SWOG S0820/PACES (preventing Adenomas of the Colon with Eflornithine and Sulindac): A Randomized, Double-Blind, Placebo-Controlled Phase III Clinical Trial.

TPS3627 Background: After standard treatment for stage 0-III colorectal cancer (CRC), patients remain at increased risk for metachronous high-risk adenomas (HRAs) and 2ndprimary CRCs. Polyamines, in excess, are implicated in CRC carcinogenesis. In prior CRC chemoprevention clinical trials, low doses of polyamine-inhibitory agents eflornithine (E) and sulindac (S) demonstrated impressive efficacy.

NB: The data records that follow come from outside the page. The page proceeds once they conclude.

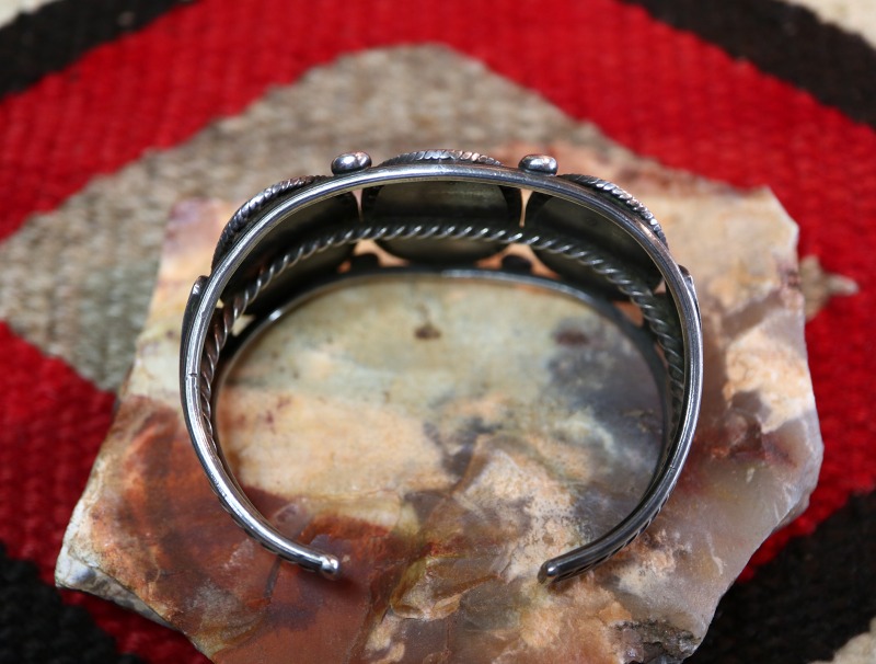1940年代~1950年代頃の作品と思われ、3連となったバンド/地金は2本のラウンドワイヤーと、単独のスクエアワイヤーを捻ることで作り出すツイステッドワイヤーによって構成されています。そこに、3つのペトリファイドウッドを連続してマウントすることでローワークデザインとなっています。そして、それぞれの石のベゼル(覆輪)にはジグザグのシルバーワークが配されることでターコイズの淵に影と奥行きを生み出しており、とても効果的で特徴的なディテールとなっています。このようなディテールは『Crimped Wire』クリンプトワイヤー(波型をつけたワイヤー)とも呼ばれ、その発祥は不明となっていますが、1930年代~1940年代からみられる造形スタイルの一つで、ナバホの偉大な作家【Fred Peshlakai】フレッド・ぺシュラカイ(1896-1974)も好んだディテールの一つです。また、その外側にはフラットなシェイプに成形されたツイステッドワイヤーが施されており、繊細で構築的な印象を持ったシルバーワークで構成され、奥行きのある表情に仕上げられています。さらに、両サイドには力強いスタンプワークの刻まれたアップリケが配され、石と石の間の4カ所には小さなコンチョが施されています。それら、本作を構成するディテールに派手な印象はありませんが、全て細かくも精巧であり、作者の非常に卓越した技術を感じさせます。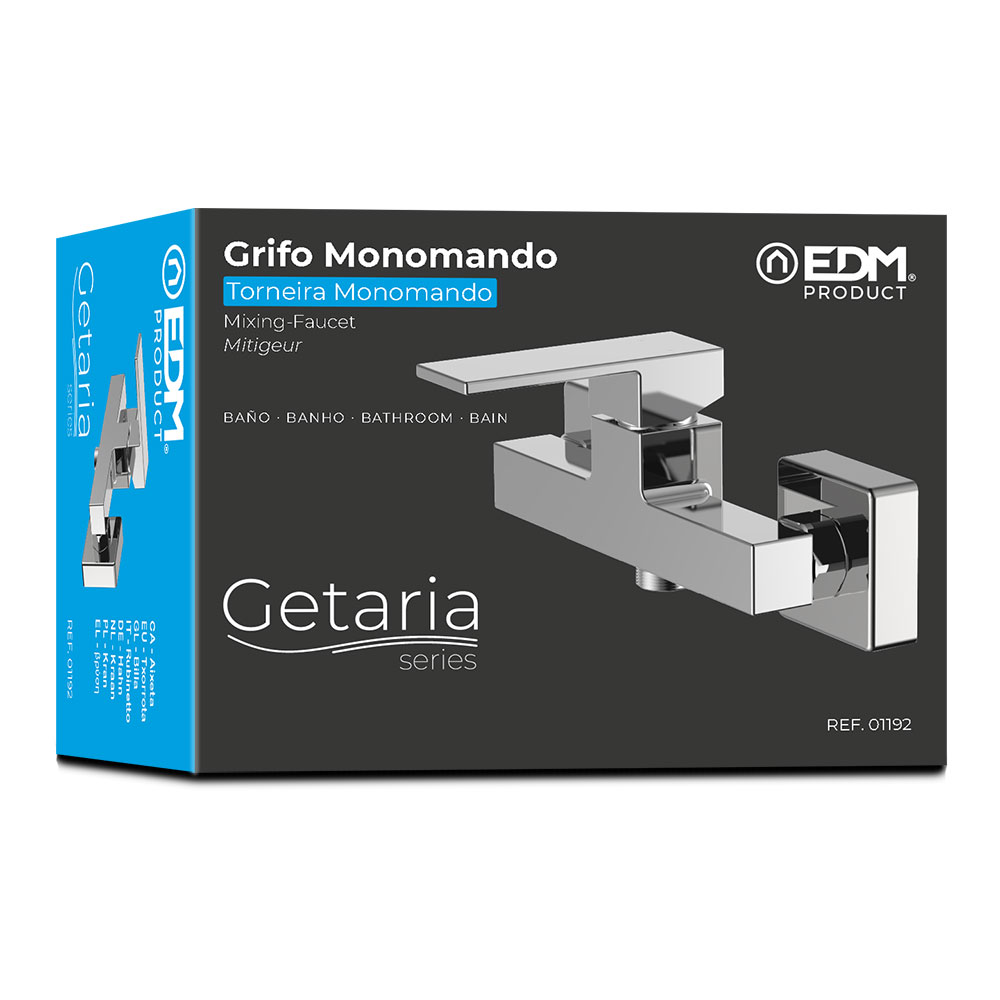 GRIFO MONOMANDO EMPOTRADO DE DUCHA. SERIE GETARIA EDM. COLOR CROMADO. MATERIAL: CUERPO DE LATON, CON MANGO DE ZINC. CARTUCHO CERAMICO. MEDIDAS: 21×12,9×9,5cm. EDM
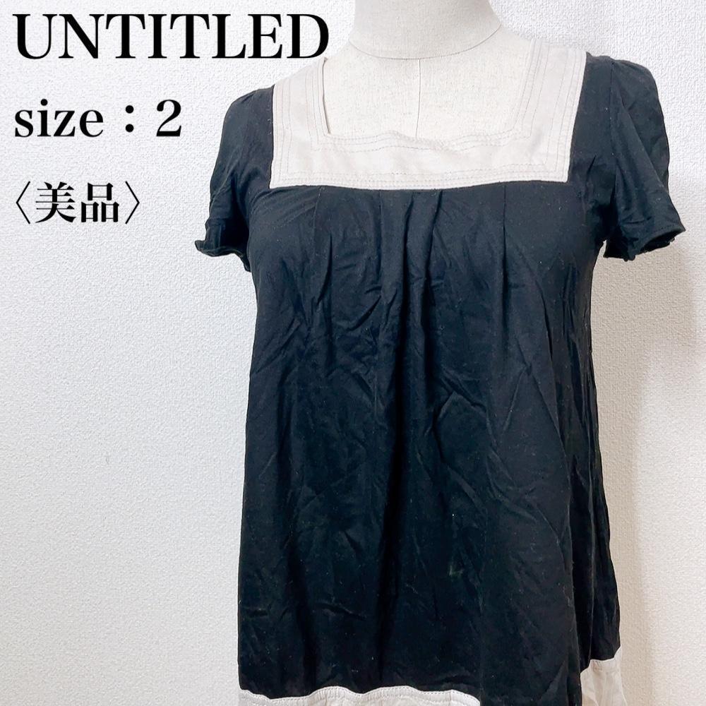 - 【美品】UNTITLED アンタイトル カジュアル Aライン バイカラー スクエアネックブラウス フェミニン エレガント 上品 ブラック よ01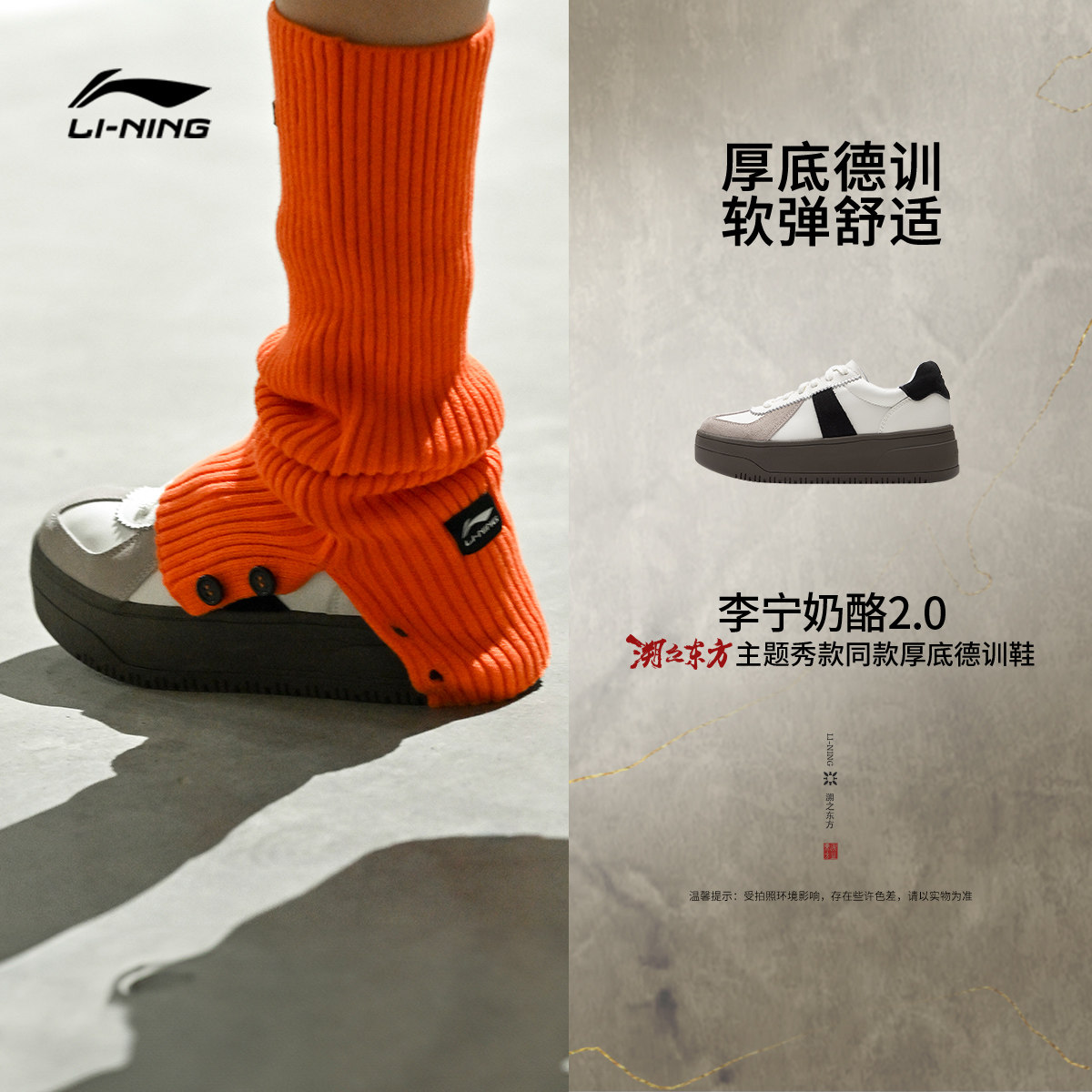 李宁奶酪2.0丨 板鞋女秋冬增高厚底休闲鞋舒适软弹运动鞋德训鞋女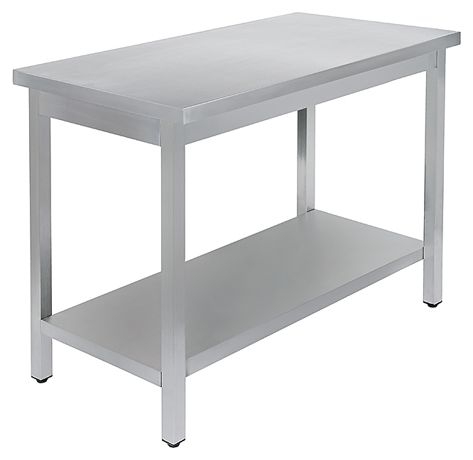 Островной производственный стол Luxstahl СПУ-19/6 предназначен для раскатки теста и обработки ингредиентов для приготовления блюд на предприятиях общественного питания и торговли. Каркас и столешница выполнены из нержавеющей стали AISI 430, ножки - из трубы AISI 430 40x40 мм. Особенности:

In the prior phase III clinical trial of colorectal adenoma (CRA) patients the combination E+S vs. placebo for 3-years resulted in > 92% reduction in risk of HRAs. Utility of these agents in colon cancer survivors, however, is unknown. Methods: Eligibility:Patients age > 18 with colon or rectosigmoid adenocarcinoma, stage 0, I, II, or III are eligible. Patients with major cardiovascular risk factors (MI, CVA) are excluded, as are patients with hearing loss > 30dB at 4K Hz and below. Daily low dose aspirin is allowed. Study Design: Patients are enrolled 9-15 months postoperatively for a 3-year duration in the randomized, double-blind, placebo-controlled Phase III trial. The intervention consists of eflornithine 250mg or matching placebo 2 tablets daily and sulindac 150mg or matching placebo one tablet daily. Baseline and end-of-study audiograms are required. Using a 2x2 factorial design, we will conduct 3 formal comparisons, each at the 2-sided, alpha = .0167 level with > 80% power. We tested the marginal effects of E &S, and the combined effect of E+S compared to placebo only. 1488 patients will be accrued over 5 years. Optional study components include pharmacogenetic, pharmacokinetic, & diet/lifestyle studies. The DSMC last met in October of 2014 and suggested that the trial continue as planned. Endpoints: The primary objective is to assess whether eflornithine 500 mg or sulindac 150mg are effective in reducing the 3-year event rate, defined as HRA or 2nd primary CRC, in Stage 0- III colon cancer patients. Hypothesis: In stage 0-III colon cancer patients during postoperative year 1-4, one or both of the single active agents will produce a 35% decrease in the rate of HRAs + 2nd primary CRCs; combination E+S will result in a 58% decrease compared to placebo alone. Clinical trial information: NCT01349881.